Henri-Antoine Mézière (December 6, 1771 – January 4, 1846) was a political agent, civil servant, publisher and Quebec journalist.

==Biography==
Mézière was born in Montreal, Quebec. His father, Pierre-François Mézière came from Dijon where he was a lawyer and notary. He emigrated to French Canada towards the end of the French Regime. His mother was Michel Archangel Campeau. He had 14 brothers and sisters, 6 of whom died before reaching adulthood.

From 1782 to 1788, he studied at St. Raphael College in Montreal. By his own account, Mézière wrote, "a college entrusted to ignorant clerics was the tomb of my youthful years." In January 1788, he published his first poetry in The Montreal Gazette, a journal founded by Fleury Mesplet.

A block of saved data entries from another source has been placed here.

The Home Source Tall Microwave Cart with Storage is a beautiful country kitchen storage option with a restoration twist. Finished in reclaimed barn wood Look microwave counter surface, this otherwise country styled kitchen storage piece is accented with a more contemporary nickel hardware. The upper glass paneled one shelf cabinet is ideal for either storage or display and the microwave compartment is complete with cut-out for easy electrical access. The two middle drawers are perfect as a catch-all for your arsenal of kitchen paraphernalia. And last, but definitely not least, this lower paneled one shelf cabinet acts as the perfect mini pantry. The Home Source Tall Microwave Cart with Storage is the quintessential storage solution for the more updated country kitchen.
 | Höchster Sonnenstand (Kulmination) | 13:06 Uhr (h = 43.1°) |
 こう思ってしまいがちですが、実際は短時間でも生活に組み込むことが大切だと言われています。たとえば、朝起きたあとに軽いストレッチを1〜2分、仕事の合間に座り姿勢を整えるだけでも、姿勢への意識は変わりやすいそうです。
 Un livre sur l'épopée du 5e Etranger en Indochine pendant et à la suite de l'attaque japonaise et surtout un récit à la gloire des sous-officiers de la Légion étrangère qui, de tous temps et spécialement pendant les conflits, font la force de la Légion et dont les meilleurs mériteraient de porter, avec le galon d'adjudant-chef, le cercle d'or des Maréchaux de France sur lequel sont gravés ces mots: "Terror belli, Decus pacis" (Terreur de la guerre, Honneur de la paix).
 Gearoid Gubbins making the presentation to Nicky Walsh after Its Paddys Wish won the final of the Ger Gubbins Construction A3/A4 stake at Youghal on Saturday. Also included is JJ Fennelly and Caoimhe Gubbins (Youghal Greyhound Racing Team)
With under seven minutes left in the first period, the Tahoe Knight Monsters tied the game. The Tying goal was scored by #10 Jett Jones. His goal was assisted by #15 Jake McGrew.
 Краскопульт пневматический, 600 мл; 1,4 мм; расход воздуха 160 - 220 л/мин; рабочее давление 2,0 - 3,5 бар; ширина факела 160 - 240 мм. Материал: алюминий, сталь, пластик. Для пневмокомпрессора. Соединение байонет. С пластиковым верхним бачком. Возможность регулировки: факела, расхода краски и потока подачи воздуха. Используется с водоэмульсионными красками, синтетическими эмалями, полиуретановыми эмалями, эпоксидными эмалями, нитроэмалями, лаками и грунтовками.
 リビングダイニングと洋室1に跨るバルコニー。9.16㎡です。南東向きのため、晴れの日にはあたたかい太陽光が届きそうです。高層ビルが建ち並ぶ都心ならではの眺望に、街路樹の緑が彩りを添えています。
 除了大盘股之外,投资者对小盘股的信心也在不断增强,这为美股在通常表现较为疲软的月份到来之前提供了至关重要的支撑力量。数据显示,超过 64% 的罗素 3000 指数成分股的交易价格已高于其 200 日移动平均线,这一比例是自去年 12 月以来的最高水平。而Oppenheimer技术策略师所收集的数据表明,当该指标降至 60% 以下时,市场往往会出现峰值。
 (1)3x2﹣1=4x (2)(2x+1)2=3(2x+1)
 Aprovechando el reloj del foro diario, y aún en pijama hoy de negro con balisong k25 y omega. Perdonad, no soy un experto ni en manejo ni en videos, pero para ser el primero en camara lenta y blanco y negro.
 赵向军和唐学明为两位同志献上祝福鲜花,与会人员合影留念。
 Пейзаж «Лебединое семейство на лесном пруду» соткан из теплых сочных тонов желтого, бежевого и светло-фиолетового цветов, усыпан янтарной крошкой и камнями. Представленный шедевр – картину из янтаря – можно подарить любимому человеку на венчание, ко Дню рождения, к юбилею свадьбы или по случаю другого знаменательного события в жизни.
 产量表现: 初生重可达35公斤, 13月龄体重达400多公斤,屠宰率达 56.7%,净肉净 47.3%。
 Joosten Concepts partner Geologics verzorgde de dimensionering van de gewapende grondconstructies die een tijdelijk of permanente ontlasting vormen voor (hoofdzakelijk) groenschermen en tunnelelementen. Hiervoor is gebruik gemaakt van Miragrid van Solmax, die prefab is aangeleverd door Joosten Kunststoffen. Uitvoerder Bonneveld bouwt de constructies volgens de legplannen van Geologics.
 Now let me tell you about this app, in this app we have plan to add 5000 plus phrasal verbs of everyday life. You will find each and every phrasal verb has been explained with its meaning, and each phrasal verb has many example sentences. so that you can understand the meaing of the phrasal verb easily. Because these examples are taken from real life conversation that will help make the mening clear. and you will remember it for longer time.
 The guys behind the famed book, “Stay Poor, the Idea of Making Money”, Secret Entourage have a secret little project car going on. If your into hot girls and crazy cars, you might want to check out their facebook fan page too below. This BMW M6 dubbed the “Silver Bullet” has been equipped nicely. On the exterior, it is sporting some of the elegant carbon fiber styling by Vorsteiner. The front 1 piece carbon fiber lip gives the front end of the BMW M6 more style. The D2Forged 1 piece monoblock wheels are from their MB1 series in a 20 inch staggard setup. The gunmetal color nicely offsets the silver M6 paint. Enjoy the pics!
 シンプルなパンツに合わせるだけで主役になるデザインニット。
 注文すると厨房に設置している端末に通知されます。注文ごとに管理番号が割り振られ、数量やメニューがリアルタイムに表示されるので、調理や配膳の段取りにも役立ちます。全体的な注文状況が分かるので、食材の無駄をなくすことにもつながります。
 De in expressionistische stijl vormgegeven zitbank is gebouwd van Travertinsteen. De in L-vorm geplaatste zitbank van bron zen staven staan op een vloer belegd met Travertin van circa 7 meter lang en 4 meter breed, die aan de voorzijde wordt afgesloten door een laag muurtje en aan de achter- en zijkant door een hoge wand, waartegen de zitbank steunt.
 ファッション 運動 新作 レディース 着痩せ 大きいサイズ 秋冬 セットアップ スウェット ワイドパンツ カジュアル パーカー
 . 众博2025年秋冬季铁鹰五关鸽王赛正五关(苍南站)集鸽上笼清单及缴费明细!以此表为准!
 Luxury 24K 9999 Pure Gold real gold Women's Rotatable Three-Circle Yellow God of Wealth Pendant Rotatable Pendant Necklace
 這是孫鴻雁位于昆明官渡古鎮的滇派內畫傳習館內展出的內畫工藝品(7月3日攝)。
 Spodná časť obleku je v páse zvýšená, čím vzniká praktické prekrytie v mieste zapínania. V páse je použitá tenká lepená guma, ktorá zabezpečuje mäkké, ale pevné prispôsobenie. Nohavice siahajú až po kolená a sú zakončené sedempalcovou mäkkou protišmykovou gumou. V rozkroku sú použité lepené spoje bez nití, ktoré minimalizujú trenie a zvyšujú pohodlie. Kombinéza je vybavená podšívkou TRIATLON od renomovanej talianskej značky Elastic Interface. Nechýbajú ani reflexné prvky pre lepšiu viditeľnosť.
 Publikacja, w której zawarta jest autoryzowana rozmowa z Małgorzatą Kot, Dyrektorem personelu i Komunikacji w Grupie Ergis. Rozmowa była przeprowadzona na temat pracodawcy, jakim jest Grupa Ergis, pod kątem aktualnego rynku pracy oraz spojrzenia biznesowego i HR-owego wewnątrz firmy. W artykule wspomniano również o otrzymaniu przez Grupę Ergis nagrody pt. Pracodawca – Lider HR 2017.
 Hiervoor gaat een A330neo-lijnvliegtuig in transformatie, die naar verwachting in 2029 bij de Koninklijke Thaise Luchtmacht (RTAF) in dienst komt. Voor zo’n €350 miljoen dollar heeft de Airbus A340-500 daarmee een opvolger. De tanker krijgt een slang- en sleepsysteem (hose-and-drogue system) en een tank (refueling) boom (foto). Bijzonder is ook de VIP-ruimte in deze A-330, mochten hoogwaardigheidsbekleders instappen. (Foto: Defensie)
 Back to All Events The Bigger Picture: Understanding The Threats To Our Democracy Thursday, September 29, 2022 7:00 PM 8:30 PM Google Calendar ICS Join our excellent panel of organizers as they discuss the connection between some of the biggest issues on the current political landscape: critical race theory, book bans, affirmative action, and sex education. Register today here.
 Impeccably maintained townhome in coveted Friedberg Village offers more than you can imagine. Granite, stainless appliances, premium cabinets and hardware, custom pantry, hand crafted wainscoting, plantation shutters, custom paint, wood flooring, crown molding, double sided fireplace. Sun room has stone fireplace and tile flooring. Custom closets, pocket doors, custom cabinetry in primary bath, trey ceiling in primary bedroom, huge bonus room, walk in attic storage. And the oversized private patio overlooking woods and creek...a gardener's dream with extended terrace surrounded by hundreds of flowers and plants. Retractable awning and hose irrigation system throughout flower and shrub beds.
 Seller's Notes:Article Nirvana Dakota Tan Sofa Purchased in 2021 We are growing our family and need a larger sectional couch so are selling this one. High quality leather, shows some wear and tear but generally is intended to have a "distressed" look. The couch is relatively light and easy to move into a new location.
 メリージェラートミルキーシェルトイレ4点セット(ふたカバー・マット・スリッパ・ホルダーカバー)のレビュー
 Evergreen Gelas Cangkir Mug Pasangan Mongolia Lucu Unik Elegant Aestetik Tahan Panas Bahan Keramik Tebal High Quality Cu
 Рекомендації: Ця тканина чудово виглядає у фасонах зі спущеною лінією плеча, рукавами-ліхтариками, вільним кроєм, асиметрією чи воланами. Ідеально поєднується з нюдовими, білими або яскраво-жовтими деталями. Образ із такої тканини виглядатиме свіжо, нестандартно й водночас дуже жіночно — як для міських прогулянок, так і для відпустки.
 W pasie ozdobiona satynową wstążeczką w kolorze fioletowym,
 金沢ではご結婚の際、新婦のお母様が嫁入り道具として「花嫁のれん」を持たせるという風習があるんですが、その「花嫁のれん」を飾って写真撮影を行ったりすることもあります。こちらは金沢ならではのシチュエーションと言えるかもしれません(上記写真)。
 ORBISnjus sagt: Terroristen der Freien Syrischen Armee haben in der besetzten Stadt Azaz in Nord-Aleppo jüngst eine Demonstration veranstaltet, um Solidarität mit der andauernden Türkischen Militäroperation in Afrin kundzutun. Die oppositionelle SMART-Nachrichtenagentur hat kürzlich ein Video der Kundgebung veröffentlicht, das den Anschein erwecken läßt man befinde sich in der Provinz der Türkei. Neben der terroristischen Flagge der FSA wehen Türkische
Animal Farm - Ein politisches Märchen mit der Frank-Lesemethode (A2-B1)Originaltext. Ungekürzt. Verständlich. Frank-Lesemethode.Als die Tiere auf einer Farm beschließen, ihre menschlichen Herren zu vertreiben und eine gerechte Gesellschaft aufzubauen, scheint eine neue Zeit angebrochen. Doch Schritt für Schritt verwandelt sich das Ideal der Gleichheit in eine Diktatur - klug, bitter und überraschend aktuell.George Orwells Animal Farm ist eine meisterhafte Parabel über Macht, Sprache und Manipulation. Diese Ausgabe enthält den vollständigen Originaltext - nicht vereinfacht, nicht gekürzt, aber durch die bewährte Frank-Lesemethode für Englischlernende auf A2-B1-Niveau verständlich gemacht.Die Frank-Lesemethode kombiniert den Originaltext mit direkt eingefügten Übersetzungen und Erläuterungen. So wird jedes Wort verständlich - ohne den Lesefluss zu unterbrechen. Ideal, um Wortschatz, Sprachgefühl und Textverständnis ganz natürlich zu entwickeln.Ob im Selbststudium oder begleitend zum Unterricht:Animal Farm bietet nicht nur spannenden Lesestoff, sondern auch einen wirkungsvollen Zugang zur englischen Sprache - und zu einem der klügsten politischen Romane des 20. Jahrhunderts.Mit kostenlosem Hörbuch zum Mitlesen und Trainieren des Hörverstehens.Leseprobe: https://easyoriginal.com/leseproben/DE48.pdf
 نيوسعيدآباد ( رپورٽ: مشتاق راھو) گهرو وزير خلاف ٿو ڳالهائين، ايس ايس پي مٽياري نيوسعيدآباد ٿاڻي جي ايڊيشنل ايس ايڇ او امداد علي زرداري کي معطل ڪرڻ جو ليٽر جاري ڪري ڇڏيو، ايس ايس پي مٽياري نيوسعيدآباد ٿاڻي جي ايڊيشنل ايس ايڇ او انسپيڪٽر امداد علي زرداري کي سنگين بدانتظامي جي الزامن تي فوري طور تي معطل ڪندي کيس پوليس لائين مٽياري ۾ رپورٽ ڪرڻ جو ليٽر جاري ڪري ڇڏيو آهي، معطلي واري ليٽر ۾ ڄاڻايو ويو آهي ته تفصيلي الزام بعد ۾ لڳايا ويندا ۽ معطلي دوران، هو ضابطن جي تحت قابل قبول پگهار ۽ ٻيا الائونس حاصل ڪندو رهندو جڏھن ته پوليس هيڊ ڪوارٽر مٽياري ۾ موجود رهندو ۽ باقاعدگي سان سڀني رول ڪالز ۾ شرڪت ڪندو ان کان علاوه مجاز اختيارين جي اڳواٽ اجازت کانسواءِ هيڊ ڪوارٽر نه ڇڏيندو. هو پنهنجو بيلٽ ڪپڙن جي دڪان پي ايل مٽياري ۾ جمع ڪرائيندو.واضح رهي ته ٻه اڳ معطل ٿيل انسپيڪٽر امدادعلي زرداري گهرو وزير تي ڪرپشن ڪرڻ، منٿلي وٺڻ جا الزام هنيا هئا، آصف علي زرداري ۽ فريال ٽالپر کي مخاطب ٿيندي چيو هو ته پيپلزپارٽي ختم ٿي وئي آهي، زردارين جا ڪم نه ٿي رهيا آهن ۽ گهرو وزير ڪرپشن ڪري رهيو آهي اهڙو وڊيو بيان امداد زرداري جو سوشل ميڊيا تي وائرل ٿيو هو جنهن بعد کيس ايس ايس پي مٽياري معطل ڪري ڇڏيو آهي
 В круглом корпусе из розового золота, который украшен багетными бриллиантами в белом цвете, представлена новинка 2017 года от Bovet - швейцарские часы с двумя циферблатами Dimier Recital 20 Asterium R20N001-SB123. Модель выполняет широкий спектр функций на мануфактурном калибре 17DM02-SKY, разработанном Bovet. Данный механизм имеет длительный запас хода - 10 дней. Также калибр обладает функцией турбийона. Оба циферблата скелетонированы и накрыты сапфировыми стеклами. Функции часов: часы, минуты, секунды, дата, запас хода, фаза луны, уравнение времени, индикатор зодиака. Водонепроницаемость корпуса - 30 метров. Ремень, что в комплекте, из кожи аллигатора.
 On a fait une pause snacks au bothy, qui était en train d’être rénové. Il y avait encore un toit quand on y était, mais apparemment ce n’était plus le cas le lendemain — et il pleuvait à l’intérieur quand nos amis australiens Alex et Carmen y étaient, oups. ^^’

In 1791, Resplet published an account of a meeting of young men who celebrated the Constitutional Act 1791 with revolutionary toasts. In the following year, Mézière felt that the situation in Montreal was untenable for him and in May 1793 he left for the United States. After passing through New York, he reached Philadelphia and got in touch with Edmond-Charles Genet, ambassador of the French First Republic. Since it declared war on Great Britain on February 1, France sought to foment rebellion amongst the population of Upper Canada and Lower Canada against the British colonial government.

In June, Mézière submitted a text entitled "Comment on the current state of Canada and on the political dispositions of its inhabitants", in which it stated that British troops are spread thin across a 200-mile frontier but that for the Canadian population to rise up against the British authorities they would need the help of France. The embassy then instructed him to open a reliable correspondence with Canada from the United States and to distribute "patriotic papers, songs, convention ballots and an address prepared by the Embassy and entitled "French free to their brothers the Canadians". He was paid 1200 livres and instructed to return to Montreal with assorted pamphlets and propaganda material. He travelled to Lake Champlain where he enlisted the help of an agent, Jacques Rous, who went to Montreal in September 1793 but received little support even from his Meziere's radical friends. Rous may have been a double agent because the colonial authorities became aware of Mézière's presence. Rous reported back that Quebec was ripe for capture and that there were no naval assets to protect Lower Canada.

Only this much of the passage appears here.